*** Input records Section Begins ***

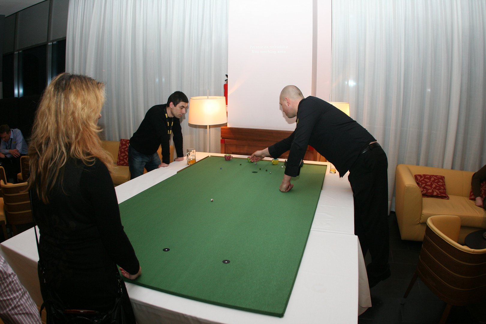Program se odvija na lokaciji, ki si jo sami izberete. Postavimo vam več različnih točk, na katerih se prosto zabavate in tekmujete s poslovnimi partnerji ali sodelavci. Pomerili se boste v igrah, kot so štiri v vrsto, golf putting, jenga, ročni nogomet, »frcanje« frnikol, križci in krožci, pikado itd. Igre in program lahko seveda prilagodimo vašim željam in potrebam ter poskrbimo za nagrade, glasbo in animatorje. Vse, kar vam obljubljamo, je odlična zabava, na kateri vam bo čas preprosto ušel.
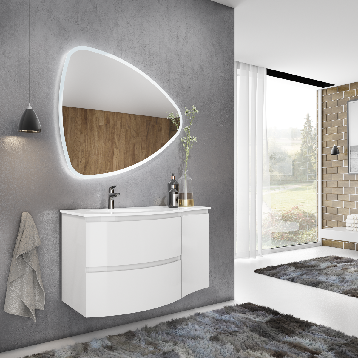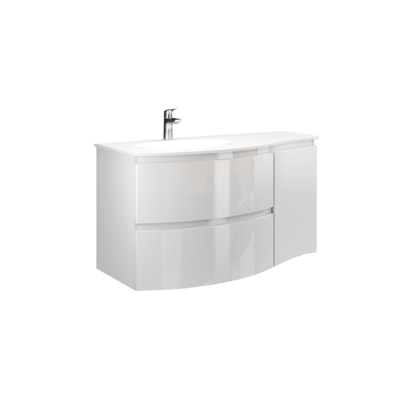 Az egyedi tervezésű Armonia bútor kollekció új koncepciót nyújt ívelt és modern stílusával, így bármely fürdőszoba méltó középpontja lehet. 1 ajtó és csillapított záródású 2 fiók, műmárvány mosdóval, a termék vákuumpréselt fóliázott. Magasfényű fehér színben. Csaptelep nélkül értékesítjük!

*** Input records Section Ends ***
*** Input records Section Begins ***

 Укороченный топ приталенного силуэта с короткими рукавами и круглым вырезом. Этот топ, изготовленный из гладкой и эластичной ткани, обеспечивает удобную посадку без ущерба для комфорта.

*** Input records Section Ends ***

| What is expected |
Using the data above, return the lines from the one holding "Program se odvija" through the one holding "Az egyedi tervezésű" exactly, but not the pictures.

| Solution to the exercise |
Program se odvija na lokaciji, ki si jo sami izberete. Postavimo vam več različnih točk, na katerih se prosto zabavate in tekmujete s poslovnimi partnerji ali sodelavci. Pomerili se boste v igrah, kot so štiri v vrsto, golf putting, jenga, ročni nogomet, »frcanje« frnikol, križci in krožci, pikado itd. Igre in program lahko seveda prilagodimo vašim željam in potrebam ter poskrbimo za nagrade, glasbo in animatorje. Vse, kar vam obljubljamo, je odlična zabava, na kateri vam bo čas preprosto ušel.
 Az egyedi tervezésű Armonia bútor kollekció új koncepciót nyújt ívelt és modern stílusával, így bármely fürdőszoba méltó középpontja lehet. 1 ajtó és csillapított záródású 2 fiók, műmárvány mosdóval, a termék vákuumpréselt fóliázott. Magasfényű fehér színben. Csaptelep nélkül értékesítjük!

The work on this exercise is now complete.